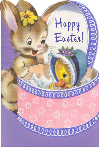 EA-107 Happy Easter, Duckling in Hat Box - Vintage Image
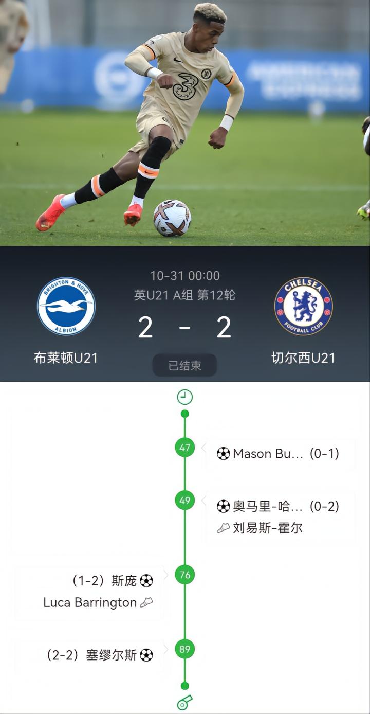 北京时间10月31日凌晨零点,英超二级联赛U21A组第12轮打响,切尔西客场2-2遭布莱顿绝平。上半场双方互交白卷;下半场伯斯托与哈钦森两分钟为蓝军连入两球,斯庞世界波扳回一球,终场前塞缪尔斯为布莱顿上演绝平。
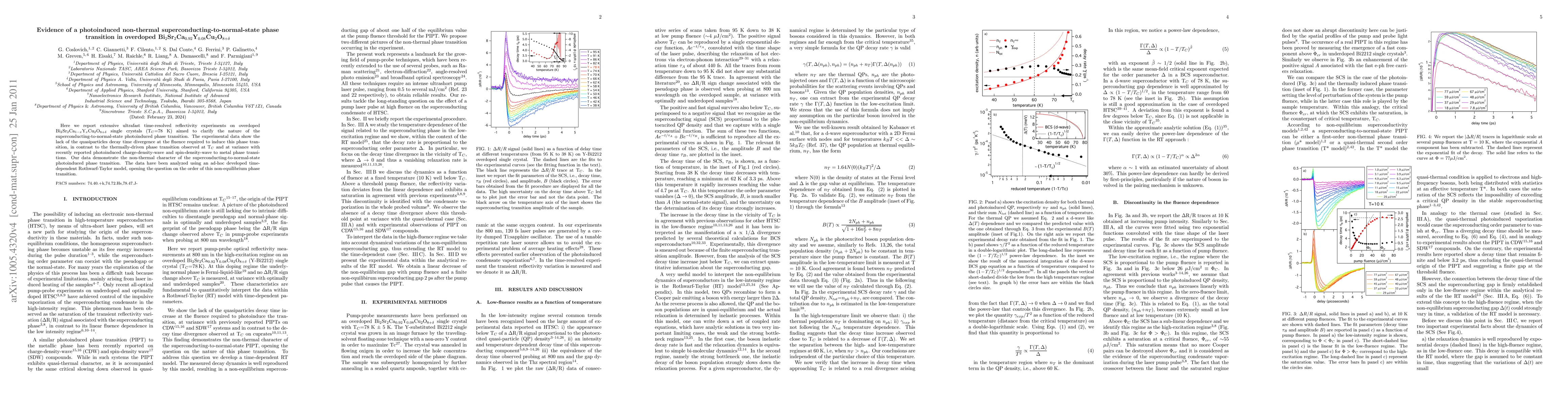 Here we report extensive ultrafast time-resolved reflectivity experiments on overdoped Bi$_{2}$Sr$_{2}$Ca$_{1-x}$Y$_x$Cu$_{2}$O$_{8+\delta}$ single crystals (T$_C$=78 K) aimed to clarify the nature of the superconducting-to-normal-state photoinduced phase transition. The experimental data show the lack of the quasiparticles decay time divergence at the fluence required to induce this phase transition, in contrast to the thermally-driven phase transition observed at T$_C$ and at variance with recently reported photoinduced charge-density-wave and spin-density-wave to metal phase transitions. Our data demonstrate the non-thermal character of the superconducting-to-normal-state photoinduced phase transition. The data have been analyzed using an ad-hoc developed time-dependent Rothwarf-Taylor model, opening the question on the order of this non-equilibrium phase transition.
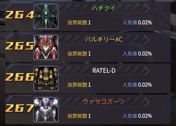 パイロットは162、機体は419あるんだから1票も入ってないやつよりかはマシだぞ
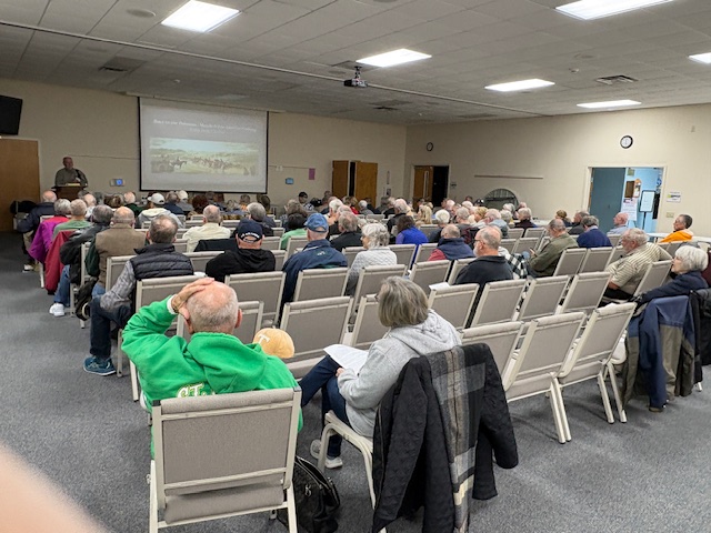 A photo of the audience at the Cumberland Mountain CWRT– big group– photo doesn’t do it justice.
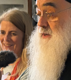 [Walter Jordan - verkleidet als Schulmeister - sprach auch in das Mikrofon von WDR 5-Mausreporterin Christina Pannhausen.]
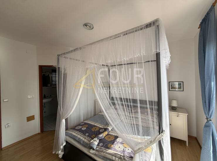 Na prvi kat dolazi se vanjskim stepenicama, gdje se nalazi stan površine 131,85 m2 koji je održavan i odmah useljiv. Sastoji se od hodnika, tri spavaće sobe (dvije s vlastitim kupaonicama i balkonima), glavne kupaonice te open space kuhinje s blagovaonicom i dnevnog boravka s izlazom na terasu.
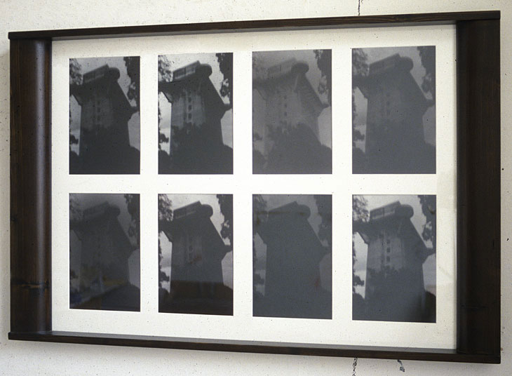 Photo-object, 68x107x5 cm. The first photo-object. One negative was printed slightly differently eight times and placed in carefully made frame (by JS). The photograph was exposed just before closing time in Vienna's Augarten on Sunday 14.9.1986. Please note that it's the reproduction of the object, which was shot at an angle...
|---|
▶ [WHAT YOU SHOULD DO]:
From the first line above to the line containing "Na prvi kat", repeat each line exactly. Pictures stay out.

▶ [EXERCISE RESPONSE]:
 EA-107 Happy Easter, Duckling in Hat Box - Vintage Image
 北京时间10月31日凌晨零点,英超二级联赛U21A组第12轮打响,切尔西客场2-2遭布莱顿绝平。上半场双方互交白卷;下半场伯斯托与哈钦森两分钟为蓝军连入两球,斯庞世界波扳回一球,终场前塞缪尔斯为布莱顿上演绝平。
 Here we report extensive ultrafast time-resolved reflectivity experiments on overdoped Bi$_{2}$Sr$_{2}$Ca$_{1-x}$Y$_x$Cu$_{2}$O$_{8+\delta}$ single crystals (T$_C$=78 K) aimed to clarify the nature of the superconducting-to-normal-state photoinduced phase transition. The experimental data show the lack of the quasiparticles decay time divergence at the fluence required to induce this phase transition, in contrast to the thermally-driven phase transition observed at T$_C$ and at variance with recently reported photoinduced charge-density-wave and spin-density-wave to metal phase transitions. Our data demonstrate the non-thermal character of the superconducting-to-normal-state photoinduced phase transition. The data have been analyzed using an ad-hoc developed time-dependent Rothwarf-Taylor model, opening the question on the order of this non-equilibrium phase transition.
 パイロットは162、機体は419あるんだから1票も入ってないやつよりかはマシだぞ
 A photo of the audience at the Cumberland Mountain CWRT– big group– photo doesn’t do it justice.
 [Walter Jordan - verkleidet als Schulmeister - sprach auch in das Mikrofon von WDR 5-Mausreporterin Christina Pannhausen.]
 Na prvi kat dolazi se vanjskim stepenicama, gdje se nalazi stan površine 131,85 m2 koji je održavan i odmah useljiv. Sastoji se od hodnika, tri spavaće sobe (dvije s vlastitim kupaonicama i balkonima), glavne kupaonice te open space kuhinje s blagovaonicom i dnevnog boravka s izlazom na terasu.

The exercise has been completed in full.